In a recent article and podcast I published I used an oft quoted stat without checking it's accuracy. The stat is that fashion is responsible for more carbon emissions each year than international flights and maritime shipping combined.
It has been pointed out to me that is too simplistic and perhaps even an inaccurate comparison.
There is an excellent discussion about this on the "Big Closets Small Planet" podcast .
The first issue is that, in this industry comparison, Aviation & Maritime data includes direct emissions only. The "fashion" or "textiles" data includes the 80% emissions from their supply chains. The original report does acknowledge this, but in the small print. The argument seems to be that it helps public awareness to use the well known direct emissions from aviation as a useful benchmark to explain the impact.
Others point out (and I agree) that this might prompt a short term short term stirring of action (as is definitely the case here) but in the long term we risk losing public confidence.

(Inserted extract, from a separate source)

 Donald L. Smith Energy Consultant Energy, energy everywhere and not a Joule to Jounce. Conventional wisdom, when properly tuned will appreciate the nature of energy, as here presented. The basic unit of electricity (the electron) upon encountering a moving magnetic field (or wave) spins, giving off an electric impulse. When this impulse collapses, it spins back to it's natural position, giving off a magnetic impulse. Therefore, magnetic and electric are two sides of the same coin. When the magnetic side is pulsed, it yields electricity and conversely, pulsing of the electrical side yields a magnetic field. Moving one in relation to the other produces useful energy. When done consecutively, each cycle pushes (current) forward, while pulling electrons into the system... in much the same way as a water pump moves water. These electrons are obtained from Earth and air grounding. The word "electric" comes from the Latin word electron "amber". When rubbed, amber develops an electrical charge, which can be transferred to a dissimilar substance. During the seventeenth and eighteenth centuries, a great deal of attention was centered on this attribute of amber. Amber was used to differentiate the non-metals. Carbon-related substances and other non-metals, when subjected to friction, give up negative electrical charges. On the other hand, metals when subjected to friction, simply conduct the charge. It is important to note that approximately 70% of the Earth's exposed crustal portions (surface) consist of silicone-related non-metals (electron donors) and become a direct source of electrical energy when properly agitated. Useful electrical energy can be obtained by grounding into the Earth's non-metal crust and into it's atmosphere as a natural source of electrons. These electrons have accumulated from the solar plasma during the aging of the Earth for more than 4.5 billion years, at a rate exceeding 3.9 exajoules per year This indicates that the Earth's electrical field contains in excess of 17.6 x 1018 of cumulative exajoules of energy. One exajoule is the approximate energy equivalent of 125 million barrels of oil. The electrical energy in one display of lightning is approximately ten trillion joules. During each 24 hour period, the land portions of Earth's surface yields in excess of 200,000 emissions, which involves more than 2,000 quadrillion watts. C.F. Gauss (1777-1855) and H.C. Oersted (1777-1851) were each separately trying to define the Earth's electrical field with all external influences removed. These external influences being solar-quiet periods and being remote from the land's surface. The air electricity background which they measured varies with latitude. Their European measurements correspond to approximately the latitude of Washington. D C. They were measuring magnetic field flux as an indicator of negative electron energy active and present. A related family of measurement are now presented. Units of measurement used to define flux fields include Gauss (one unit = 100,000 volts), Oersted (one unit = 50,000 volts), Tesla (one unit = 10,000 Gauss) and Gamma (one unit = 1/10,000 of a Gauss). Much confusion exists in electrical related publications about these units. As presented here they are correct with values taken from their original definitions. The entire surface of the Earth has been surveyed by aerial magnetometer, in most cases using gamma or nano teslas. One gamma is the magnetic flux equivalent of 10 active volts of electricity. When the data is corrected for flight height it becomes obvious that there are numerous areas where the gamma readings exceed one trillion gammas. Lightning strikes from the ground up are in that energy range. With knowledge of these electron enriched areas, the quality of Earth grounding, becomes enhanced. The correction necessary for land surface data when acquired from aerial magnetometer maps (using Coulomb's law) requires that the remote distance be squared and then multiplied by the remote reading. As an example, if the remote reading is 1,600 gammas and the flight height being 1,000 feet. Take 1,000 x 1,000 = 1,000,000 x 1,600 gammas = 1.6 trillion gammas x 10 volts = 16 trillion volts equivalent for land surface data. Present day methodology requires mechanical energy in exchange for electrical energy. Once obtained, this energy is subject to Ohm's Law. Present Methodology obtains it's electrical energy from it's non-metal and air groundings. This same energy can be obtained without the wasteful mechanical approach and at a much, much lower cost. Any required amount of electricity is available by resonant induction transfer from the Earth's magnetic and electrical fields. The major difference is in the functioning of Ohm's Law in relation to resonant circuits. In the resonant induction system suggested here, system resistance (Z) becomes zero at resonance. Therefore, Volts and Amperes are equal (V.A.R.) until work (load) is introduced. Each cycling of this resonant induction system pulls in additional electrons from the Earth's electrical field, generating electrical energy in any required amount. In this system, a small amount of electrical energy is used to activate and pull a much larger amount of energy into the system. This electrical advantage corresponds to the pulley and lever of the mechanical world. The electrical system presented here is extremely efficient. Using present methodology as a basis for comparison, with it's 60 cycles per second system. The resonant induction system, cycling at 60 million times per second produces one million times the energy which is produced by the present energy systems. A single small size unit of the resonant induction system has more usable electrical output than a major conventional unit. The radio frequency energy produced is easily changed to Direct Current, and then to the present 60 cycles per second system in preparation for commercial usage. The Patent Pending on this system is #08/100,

There are, of course, other issues the complicate things. Textiles are used in the aviation industry, for example. Or, what do we mean by "fashion"? For example: textiles overlaps with clothing but may not include leather (ie agriculture products).
No one here is downplaying the importance of the climate crises. the argument boils down to awareness raising vs the importance of and challenge of communicating complex data.

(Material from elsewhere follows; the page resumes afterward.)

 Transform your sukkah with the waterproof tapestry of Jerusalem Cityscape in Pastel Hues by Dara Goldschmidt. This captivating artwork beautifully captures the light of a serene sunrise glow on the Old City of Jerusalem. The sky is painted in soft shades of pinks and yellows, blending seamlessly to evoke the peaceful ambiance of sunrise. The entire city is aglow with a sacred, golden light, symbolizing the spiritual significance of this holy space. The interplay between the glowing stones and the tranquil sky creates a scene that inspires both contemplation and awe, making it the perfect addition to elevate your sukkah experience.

IMHO, the accuracy of data and quotes like the above is more important than communicating a simple message to provoke change. (Though I fully acknowledge that we need to provoke change and fast, so even this is complex!)
One reason that accuracy and not hiding complexity matters: is that we also need to measure reductions as the happen (to avoid double counting etc).
I draw two conclusions:
- When publishing state the source. (When reading check the source.) Transparency matters if we want real long term change.
- Comparisons between industries may not be helpful, reality does not separate into neat boxes that we can compare.
And most important: this is a conversation about how to tackle a huge global issue. We must not let debates about data accuracy distract us.